Anguilas, manifiesto inconveniente
Oasis de la gastronomía primitiva, rural y litoral no es un manifiesto subversivo
Comer anguilas es uno de los detalles que puntúan el relato de la tribu invisible que nos merodea en las grandes celebraciones folclórico-gastronómicas insulares. Tiene algo de litúrgico y de desafío.
En algunos lugares aparecen en la actualidad de los menús desde el frío, con un viento que brama, acaso una escasa lluvia para nada festiva y siempre impertinente. Se montan fuegos y se hacen ruidos a los dioses para atizar el hambre, siempre en sacrificio pagano.
En las puertas del invierno surgen las angulas como alimento para una oportunidad, ocultas en sarcófagos de museo de las espinagadas, que coinciden con el bullicio de Sant Antoni de sa Pobla y muchas cercanías y lejanías. En la coca tapada se esmeran manos finas y hábiles.
Pero también son relevantes las preparaciones diversas: fritas, en guiso, estofadas, en escabeche, ahumadas –ojo, sin piel ni espinada, encurtidas, con carne blanca, grasa y fina sobre pa amb oli amb tomàtiga — decorando el arroz volcánico, compiten bien con los tropiezos de patatas. Habitan entre la pasión confesional y el rechazo existencial. No hay término medio. La abstención no se castiga ni recrimina, pero no caben las medias tintas, ni la cata distante. O anguila o menú infantil para los invitados al festín que son disidentes.
La probable incorrección de la degustación proviene de los atavismos previos a la aparente modernidad establecida por la comodidad, el orden y la educación. La pesca y la degustación es mera necesidad, el depredador litoral usaba para sus subsistencia los manjares más cercanos.
Ciertas anguilas eran lanzadas a los pozos y cisternas de las casas, según un ritual sin certezas para atacar, decían, las larvas de mosquitos
Una anguila, a mitad de camino entre el gusano repugnante y la peligrosa y enigmática serpiente, es otra duda entre pez y reptil, habitante del mar salado y del agua dulce.

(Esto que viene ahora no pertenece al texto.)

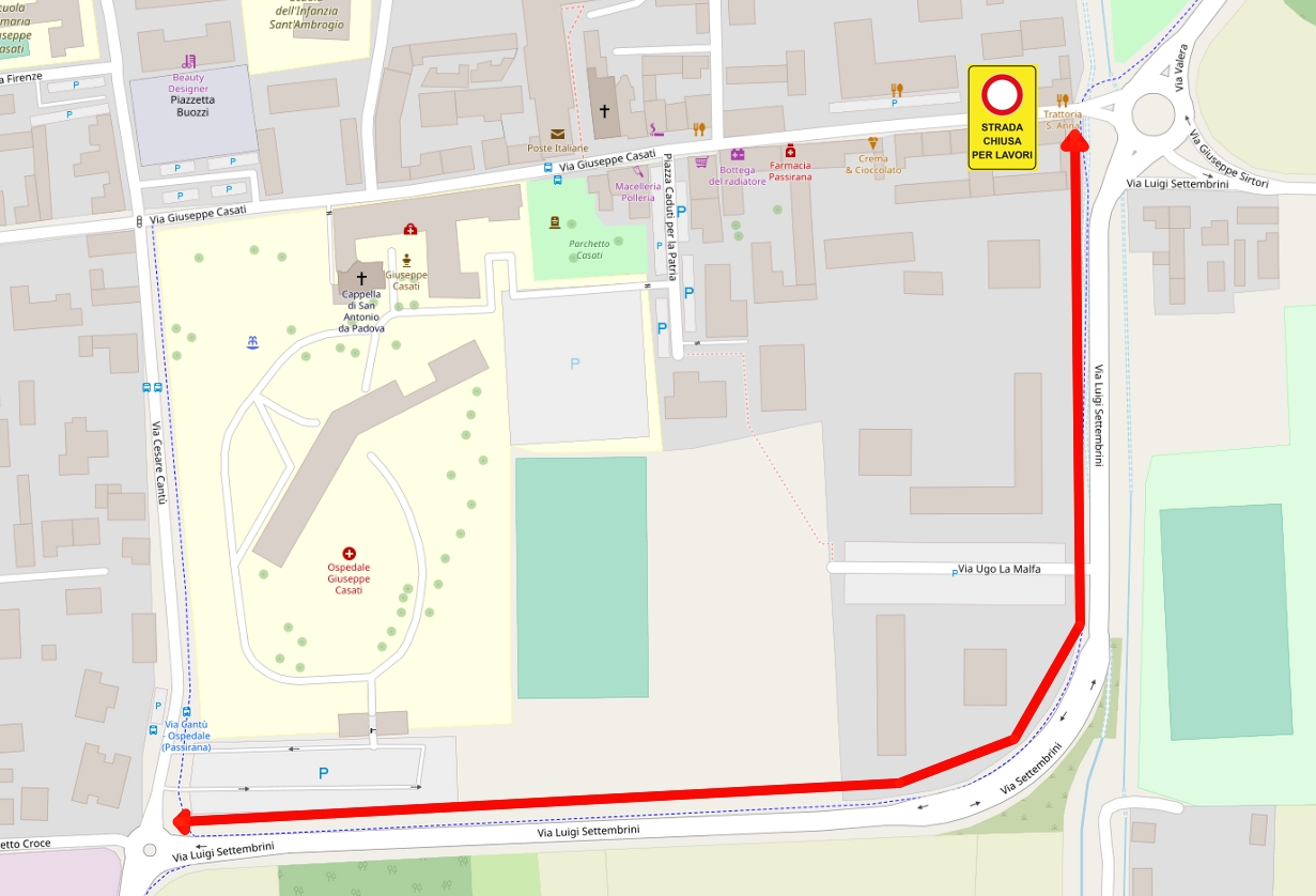 Sabato 2 settembre via Casati a Passirana sarà chiusa per lavori in corrispondenza della rotatoria con via Settembrini. Per entrare e uscire da Passirana sarà quindi necessario transitare su via Cantù, mentre il trasporto pubblico (in rosso nella cartina allegata) sarà deviato su via Settembrini. Sarà consentito il transito pedonale.
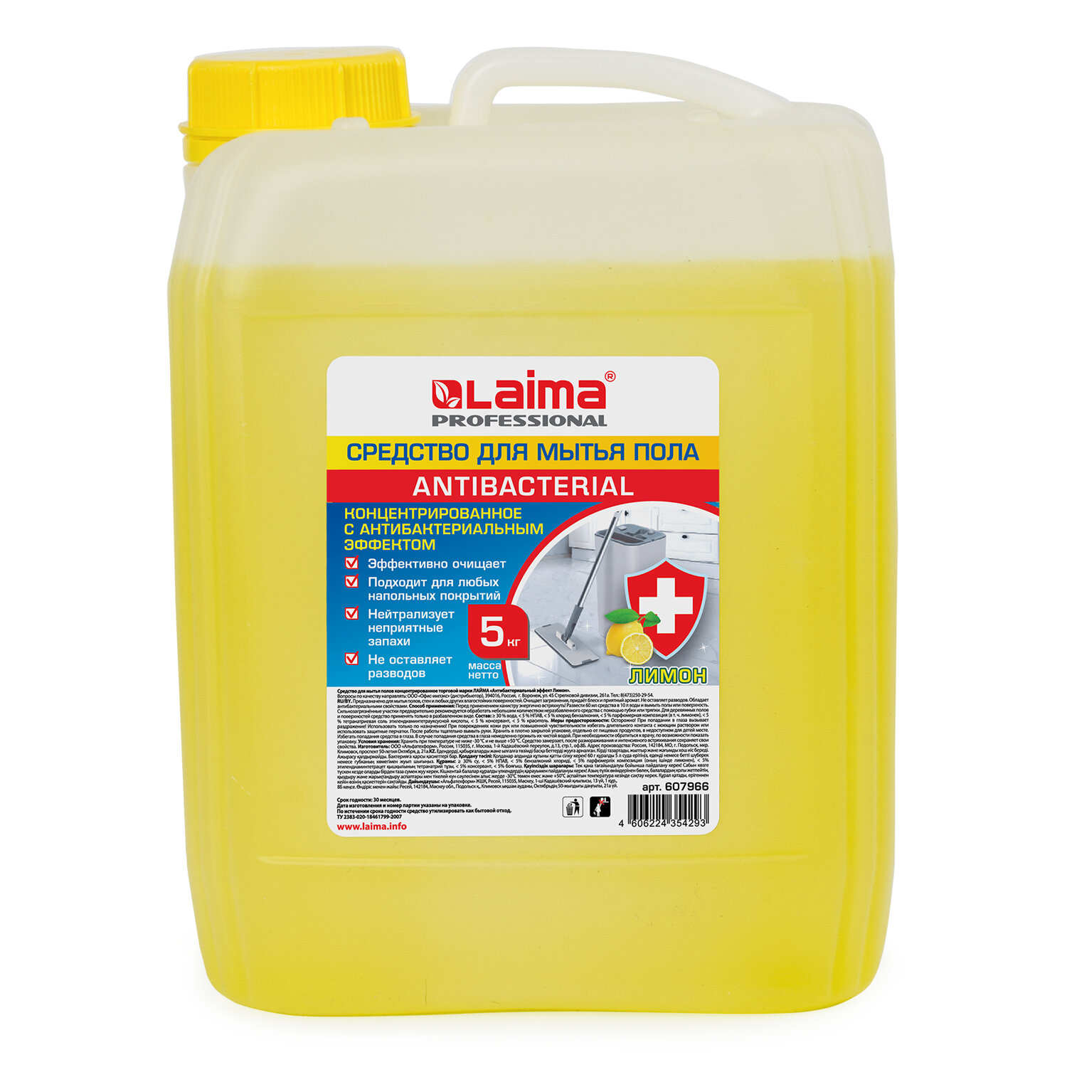 Средство для мытья пола и стен 5 кг LAIMA PROFESSIONAL концентрированное, "Антибактериальный эффект. Лимон" Код товара: 607966 595,08 ₽ Купить Производитель:LAIMA Средство для мытья пола LAIMA "PROFESSIONAL" обладает высоким уровнем чистящей и антибактериальной способности и придаёт блеск обработанным поверхностям, создавая эффект защитной плёнки. Подходит для любых поверхностей: линолеум, паркет, ламинат и т.д. Представляет собой концентрат весом 5 кг. Нейтрализует неприятные запахи, не оставляет разводов. Обладает формулой, не требующей смывания. Имеет антибактериальный эффект и нейтральный pH. Средство работает в воде любой жесткости и температуры. Нетоксично, полностью безопасно при использовании по назначению. Способ применения: перед применением энергично встряхнуть! Развести 60 мл средства (2 колпачка) в 10 л воды и вымыть полы или поверхность. Сильнозагрязнённые участки предварительно рекомендуется обработать небольшим количеством неразбавленного средства c помощью губки или тряпки. Для деревянных полов и поверхностей средство применять только в разбавленном виде. Состав: более 30% вода, менее 5% НПАВ, менее 5% хлорид бензалкония, менее 5% парфюмерная композиция (в т. ч. лимонен), менее 5% тетранатриевая соль этилендиаминтетрауксусной кислоты, менее 5% консервант, менее 5% краситель. Меры предосторожности: при попадании в глаза промыть водой. Использовать резиновые перчатки. Беречь от детей. ТУ 2383-020-18461799-2007 Условия хранения: хранить плотно закрытым. Не допускать попадания прямых солнечных лучей. Срок годности: 30 месяцев.Производство: РоссияОбъем/вес: 5000 мл/гФорма выпуска: концентратСерия: ProfessionalЭффект от использования: антимикробный эффект, нейтрализация неприятного запаха, очистка поверхностиПодходит для: полаФормула без смывания: даДезинфизирует без хлора: даОтдушка: лимонУпаковка: канистраСрок годности: 30 месВес: 5,34 кгРазмер упаковки: 24.8 × 18.8 × 14.9 смОбъём: 0.0077 м3Промежуточная упаковка: 4 штТранспортная упаковка: 4 штШтрих-код: 4606224354293 Файлы Приложение-1.pdf Сертификат-1.jpg Сертификат-2.jpg Сертификат-3.jpg Сертификат-4.jpg Сертификат-5.jpg Сертификат-6.jpg Сертификат-7.jpg Сертификат-8.jpg Сертификат-9.jpg Сертификат-10.jpg Сертификат-11.jpg Сертификат-12.jpg Сертификат-13.jpg Сертификат-14.jpg Сертификат-15.jpg Сертификат-16.jpg Сертификат-17.jpg Сертификат-18.jpg Сертификат-19.jpg Сертификат-20.jpg Сертификат-21.jpg Сертификат-22.jpg Сертификат-23.jpg Сертификат-24.jpg Сертификат-25.jpg

Desde las aguas calmas de las albuferas y del final casi pantanoso de las torrenteras migran hasta los confines intercontinentales. Nacen en las lagunas de tierra firme y ponen rumbo hacia las zonas legendarias y de olas enormes del océano Atlántico para retornar a criar, morir o ser cazadas y comidas en sus lugares de origen.

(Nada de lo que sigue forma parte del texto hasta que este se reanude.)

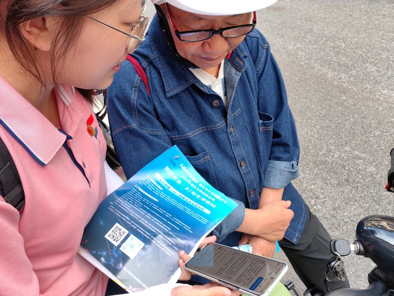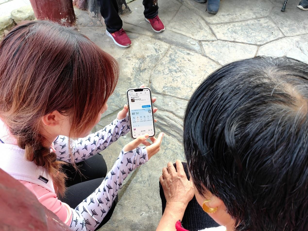 (圖為實踐團成員付盈盈為居民展示如何使用AI軟件查詢天氣 實踐團成員 羅雨 攝)
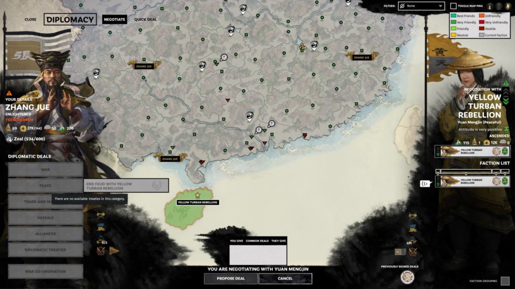 - Next, I vassalized everyone by giving them lands, gold, and ancillaries. The only exception was the NPC Yellow Turban faction since they’ll never accept.
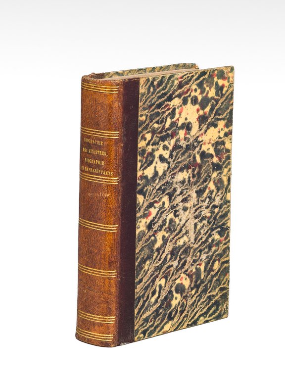 1 vol. in-12 reliure de l'époque demi-basane marron : Biographie des Ministres de la République, de l'Empire, des Bourbons de la branche aînée et de Louis-Philippe, Maison Berthellemot, Rosselet éditeur, Paris, 1836, 192 pp. et 2 ff. [ Edition originale ] [ Suivi de : ] Biographie des Représentants du Peuple à l'Assemblée Nationale Constituante, avec un tableau des députations par Départements, par les Rédacteurs de Notre Histoire, Au Bureau de Notre Histoire, Paris, 1848, 378 pp. avec 6 portraits hors texte Bon exemplaire bien relié, réunissant ces deux recueils de biographies.
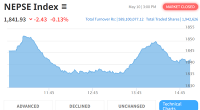 सेयर बजारमा सामान्य गिरावट, कारोबार रकम ५८ करोडमा खुम्चियो
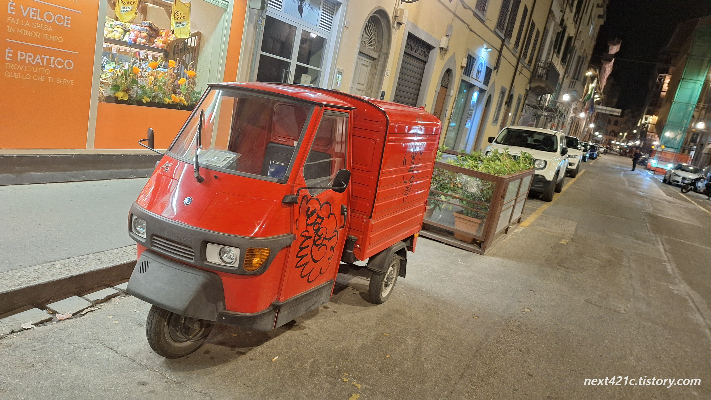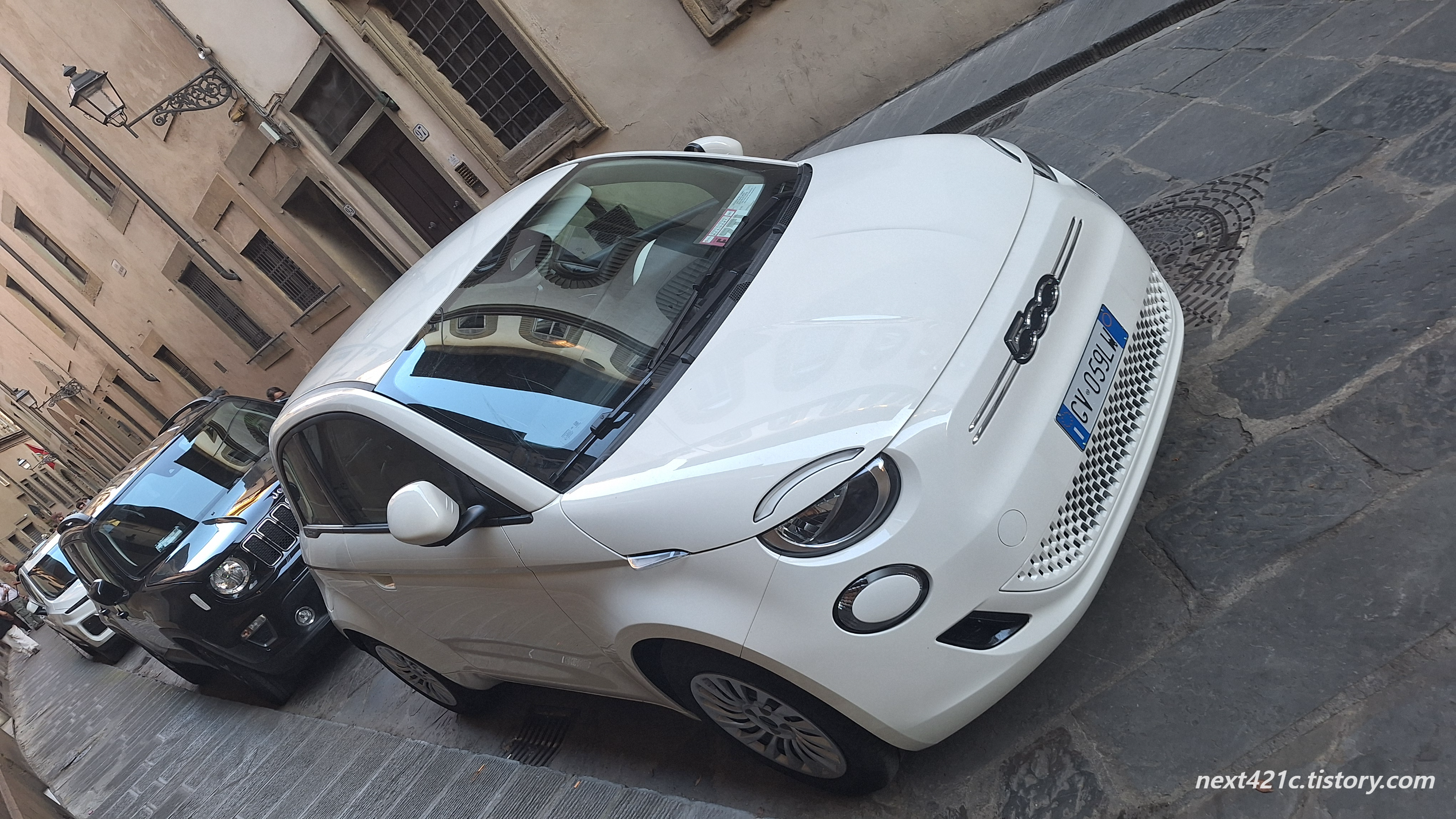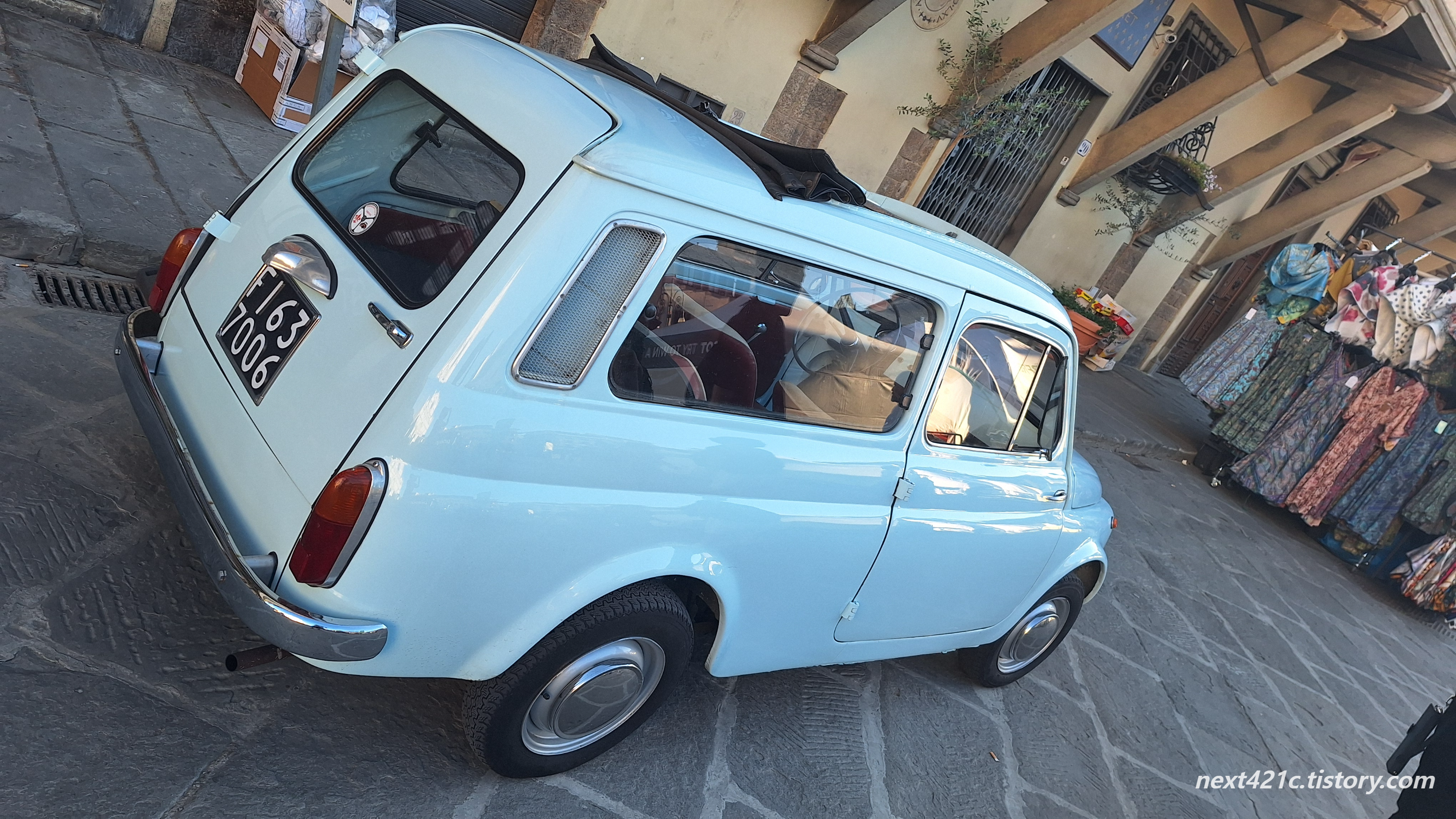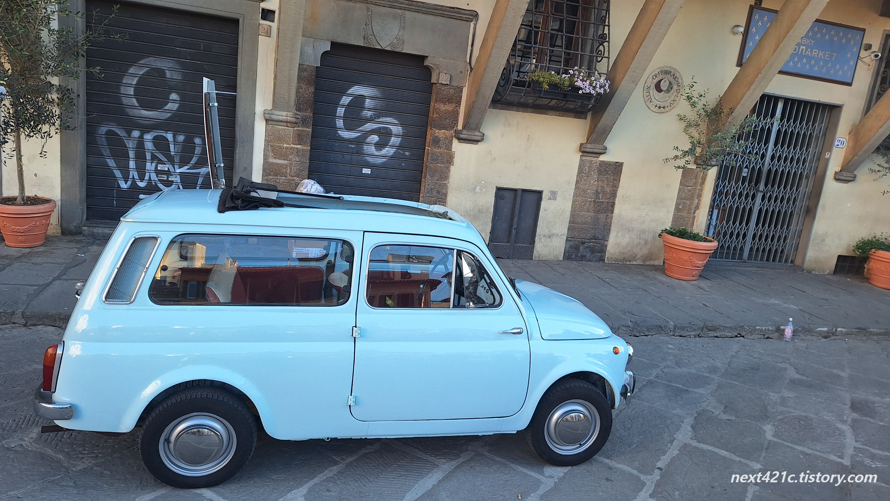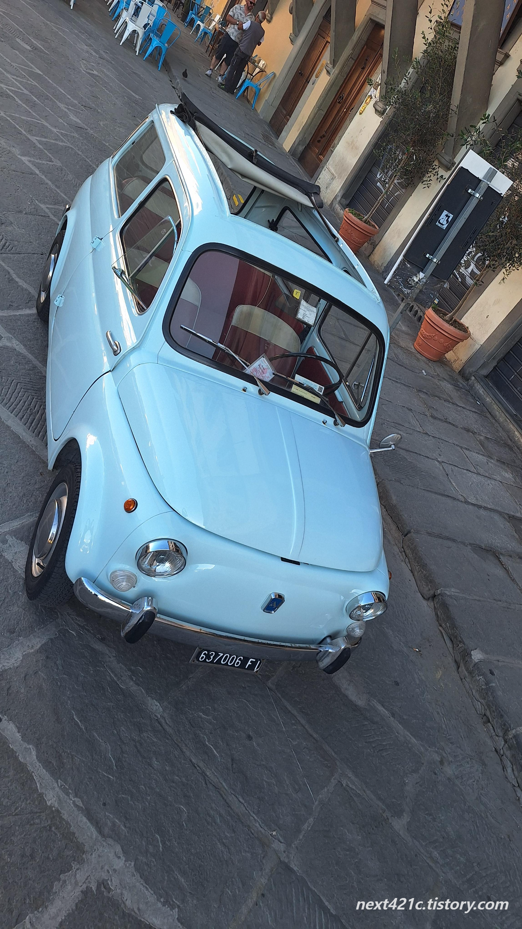 산타 크로체 광장에서 앙증맞고 예쁜 자동차를 발견했다. 난생처음 본 자동차. 그 유명한 피아트 500(친퀘첸토)의 1세대(1957년부터 1975년까지 생산) 중에서도 Nuova 500. 2기통 479CC 엔진 13마력.

A veces, muchos ejemplares acudían de manera automática a la costa, con los aguaceros, en la calor. Así, eran pescados los días de chubascos veraniegos que arrastraban la tierra al mar y lo tintaban de chocolate. Ciertas anguilas eran lanzadas a los pozos y cisternas de las casas, según un ritual sin certezas para atacar, decían, las larvas de mosquitos de las que se alimentaban.
Esos monstruos ocultos de las casas, las serpientes privadas que navegaban entre el agua de beber, a veces salían a las calles y las casas cuando los chubascos descomunales desbordaban la capacidad de los algibes, pilas y sondeos. No era habitual, pero lo explicaban los viejos gurús de los casinos, que rememoraban leyendas y mitos locales. También, al vaciar para limpiar y blanquear las cisternas, las anguilas enormes, sin vista, se enrollaban resistentes en las jarras caídas al culo de la poza de la reserva.
Una versión comestible y devastadora de esas momias y bestias, son las angulas, las mínimas anguilas, las crías, capturadas en las bocanas de ríos y albuferas, cuando parten para crecer. Son sacrificadas al tabaco, guisadas con poco fuego, disfrazadas, alcanzan una vida superior. Otra cosa, otra causa, una agresión ecológica y un insulto a la cartera.